:: WHAT YOU NEED TO DO ::
Produce a verbatim copy of the data below that contains no pictures.

Segment Open

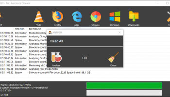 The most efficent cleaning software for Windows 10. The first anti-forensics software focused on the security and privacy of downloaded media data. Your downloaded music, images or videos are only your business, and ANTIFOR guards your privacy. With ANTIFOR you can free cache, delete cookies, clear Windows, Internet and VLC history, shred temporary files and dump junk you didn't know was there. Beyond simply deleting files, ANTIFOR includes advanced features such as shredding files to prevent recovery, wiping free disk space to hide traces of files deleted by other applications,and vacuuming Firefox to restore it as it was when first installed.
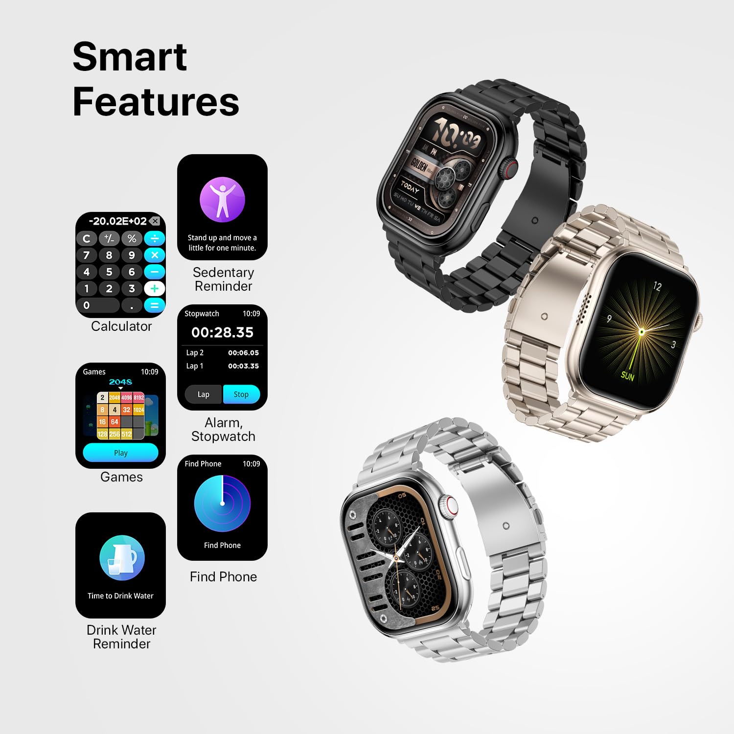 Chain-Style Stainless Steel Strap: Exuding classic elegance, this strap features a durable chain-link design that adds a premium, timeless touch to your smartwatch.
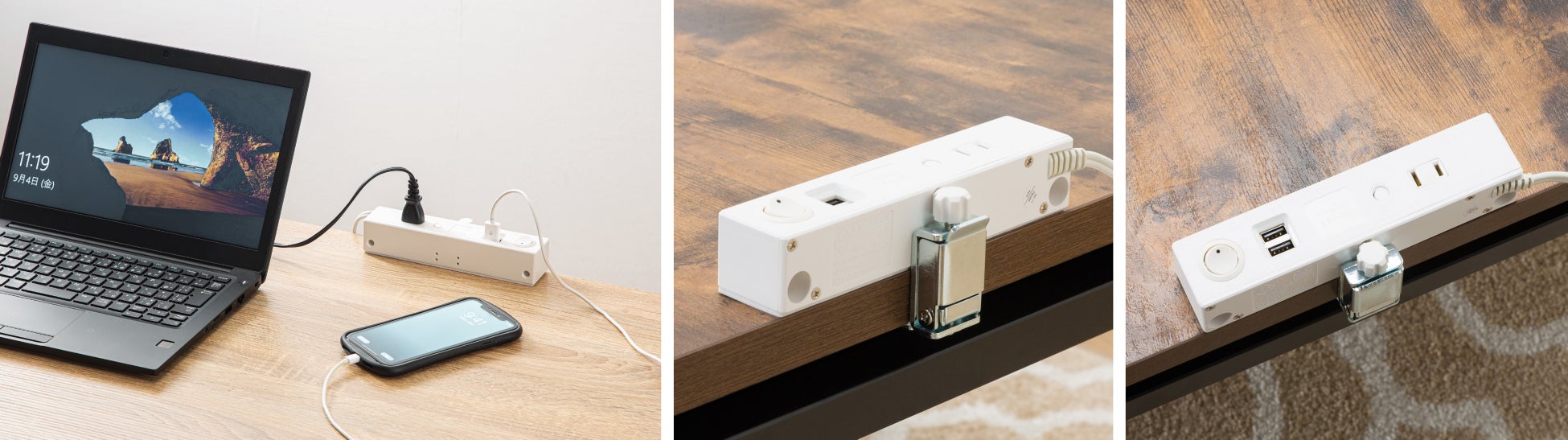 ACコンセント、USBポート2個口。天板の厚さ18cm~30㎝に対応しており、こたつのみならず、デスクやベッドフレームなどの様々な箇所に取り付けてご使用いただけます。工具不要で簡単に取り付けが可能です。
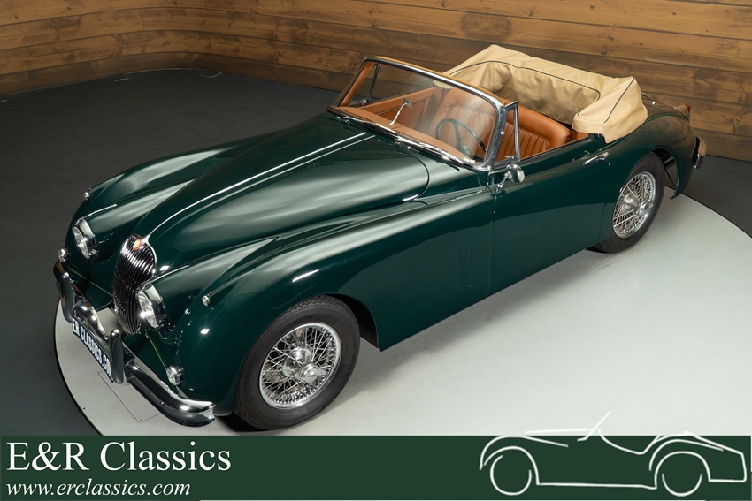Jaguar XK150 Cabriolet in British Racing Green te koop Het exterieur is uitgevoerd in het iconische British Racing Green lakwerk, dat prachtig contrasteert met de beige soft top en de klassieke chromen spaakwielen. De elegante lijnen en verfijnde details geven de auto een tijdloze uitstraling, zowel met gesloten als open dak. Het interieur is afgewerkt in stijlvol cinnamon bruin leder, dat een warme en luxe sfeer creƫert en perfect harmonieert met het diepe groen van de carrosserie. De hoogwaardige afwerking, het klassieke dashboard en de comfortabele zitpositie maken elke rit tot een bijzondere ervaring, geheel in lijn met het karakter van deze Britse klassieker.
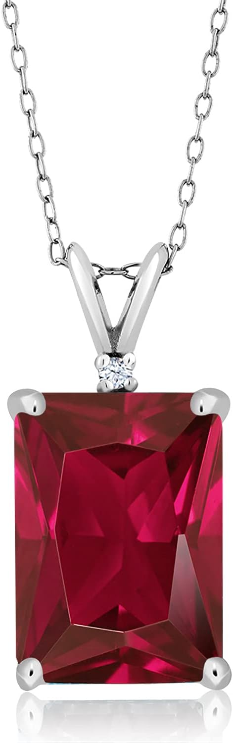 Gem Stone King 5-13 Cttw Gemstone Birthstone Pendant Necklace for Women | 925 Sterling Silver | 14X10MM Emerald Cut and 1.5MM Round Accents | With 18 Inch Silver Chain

Segment Closed

:: REPLY TO THE EXERCISE ::
 The most efficent cleaning software for Windows 10. The first anti-forensics software focused on the security and privacy of downloaded media data. Your downloaded music, images or videos are only your business, and ANTIFOR guards your privacy. With ANTIFOR you can free cache, delete cookies, clear Windows, Internet and VLC history, shred temporary files and dump junk you didn't know was there. Beyond simply deleting files, ANTIFOR includes advanced features such as shredding files to prevent recovery, wiping free disk space to hide traces of files deleted by other applications,and vacuuming Firefox to restore it as it was when first installed.
 Chain-Style Stainless Steel Strap: Exuding classic elegance, this strap features a durable chain-link design that adds a premium, timeless touch to your smartwatch.
 ACコンセント、USBポート2個口。天板の厚さ18cm~30㎝に対応しており、こたつのみならず、デスクやベッドフレームなどの様々な箇所に取り付けてご使用いただけます。工具不要で簡単に取り付けが可能です。
Jaguar XK150 Cabriolet in British Racing Green te koop Het exterieur is uitgevoerd in het iconische British Racing Green lakwerk, dat prachtig contrasteert met de beige soft top en de klassieke chromen spaakwielen. De elegante lijnen en verfijnde details geven de auto een tijdloze uitstraling, zowel met gesloten als open dak. Het interieur is afgewerkt in stijlvol cinnamon bruin leder, dat een warme en luxe sfeer creƫert en perfect harmonieert met het diepe groen van de carrosserie. De hoogwaardige afwerking, het klassieke dashboard en de comfortabele zitpositie maken elke rit tot een bijzondere ervaring, geheel in lijn met het karakter van deze Britse klassieker.
 Gem Stone King 5-13 Cttw Gemstone Birthstone Pendant Necklace for Women | 925 Sterling Silver | 14X10MM Emerald Cut and 1.5MM Round Accents | With 18 Inch Silver Chain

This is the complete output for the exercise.